See also: Environment Variables — AMPLIHACK_SKIP_AUTO_INSTALL.

Failure mode

Per the project's Zero-BS philosophy, install failures during self-heal propagate:

  • The error is printed to stderr.
  • The process exits with status 1.
  • The stamp file is not updated, so the next launch will retry.
  • The advisory lock is released (RAII drop) so the retry is not blocked.

There is no || true, no silent skip, and no "continue with whatever assets happen to be on disk" fallback. A broken install is surfaced to the user.

One documented carve-out: unresolvable home directory

If dirs::home_dir() returns None (no $HOME, no platform fallback), self-heal silently skips rather than failing the launch. Rationale:

  • A binary that cannot find a home directory cannot install anywhere meaningful, so failing here would produce a confusing error far from the real misconfiguration.
  • Subcommands that genuinely need ~/.amplihack (e.g. claude, copilot) will fail later with their own home-directory error, which is the appropriate place to surface the problem.
  • Subcommands that do not need a home directory (e.g. --version, doctor) should continue to work in restricted environments.

This is the only intentionally silent path in self-heal. It is called out explicitly so reviewers do not mistake it for a Zero-BS violation.

Implementation

File Role
crates/amplihack-cli/src/self_heal.rs Decision logic, advisory lock acquisition, bypass diagnostic, and public entrypoint ensure_assets_match_binary_version(args). Uses closure injection (mirroring update::post_install::run_post_update_install) so unit tests can verify the decision tree without running a real install.
crates/amplihack-cli/src/commands/install/version_stamp.rs Atomic stamp read/write helpers (read_installed_version, write_installed_version, installed_version_path). Performs symlink refusal via symlink_metadata, semver-regex validation of contents, and 0o600 permission enforcement on write.
crates/amplihack-cli/src/commands/install/mod.rs local_install writes the stamp on every successful install (covers both bundled and network-fallback paths).
bins/amplihack/src/main.rs Calls self_heal::ensure_assets_match_binary_version(&args) after the existing update notice and before Cli::parse_from.

Dependencies introduced: fs2 for the advisory file lock, regex (already in the workspace) for stamp validation.

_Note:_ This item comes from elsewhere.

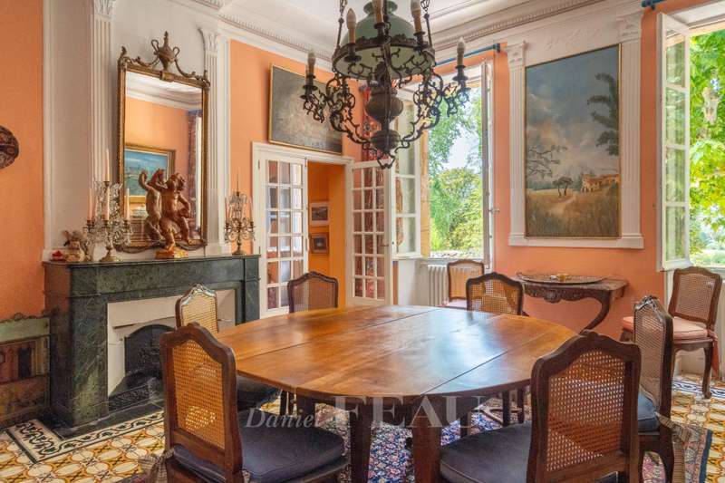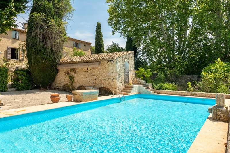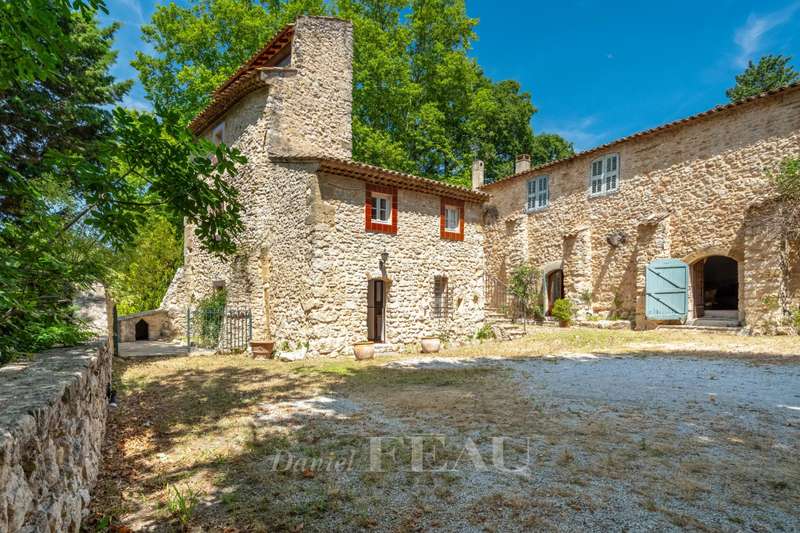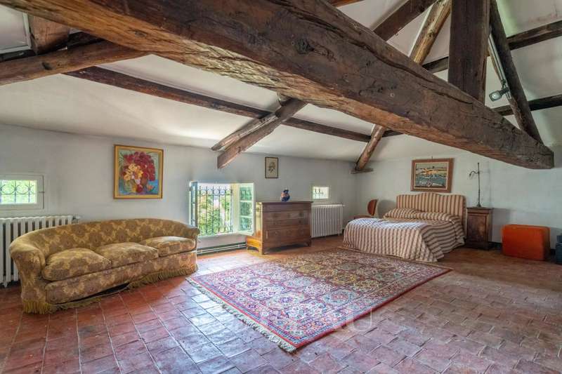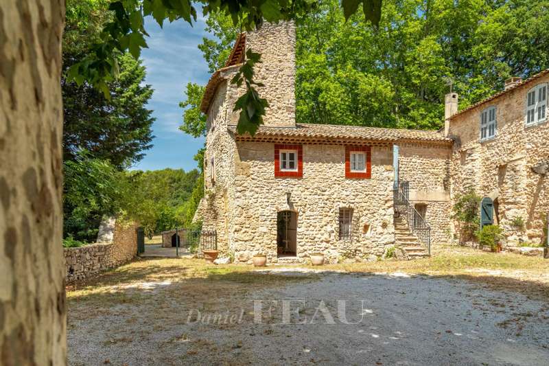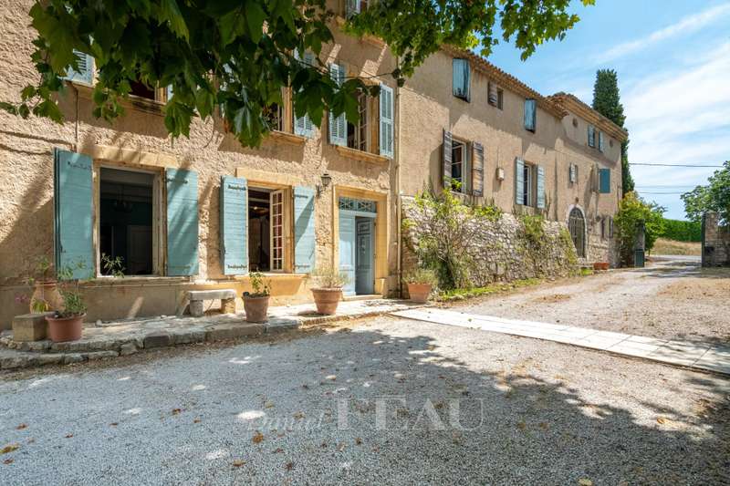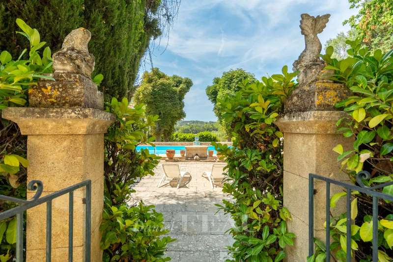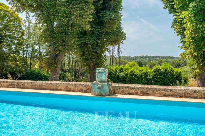 Sole Agent. This stone-built property dating back in part to the 12th century, in part to the 16th century and in part to the 17th century is located in peaceful countryside 10 minutes north of Aix en Provence. Set in 1.5 hectares, it offers 1100 sqm of potential living space of which a majority is in need of renovation. The main house includes two entries, a bedroom, a shower room and a utility room, with a living/reception room, a kitchen accessing an inner courtyard, a dining room, a study, a library area and a workshop, seven bedrooms, four bathrooms and three washrooms upstairs. A converted dovecote includes a living room/kitchen, four bedrooms, two bathrooms and a study. A caretaker’s house comprises a living room, a kitchen, three bedrooms and a bathroom. With a swimming pool in a former water feature, a summer kitchen, two garages, a cellar and a stone-built annex with a period fireplace.

Both new modules are kept within the project's 500-line module cap.

See also

  • Install Command Reference — the install procedure invoked by self-heal.
  • Environment Variables Reference — full env var contract, including AMPLIHACK_SKIP_AUTO_INSTALL and AMPLIHACK_RELEASE_VERSION.
  • PR #488 — the post-update install hook that this feature complements.
  • PR #500 — the initial shipping change (decision flow, stamp, bypass env var).
  • Issue #499 — the upgrade gap closed by this feature.
  • Issue #502 — the hardening pass tracked here (symlink refusal, 0o600, semver validation, advisory lock, bypass diagnostic, home_dir() carve-out).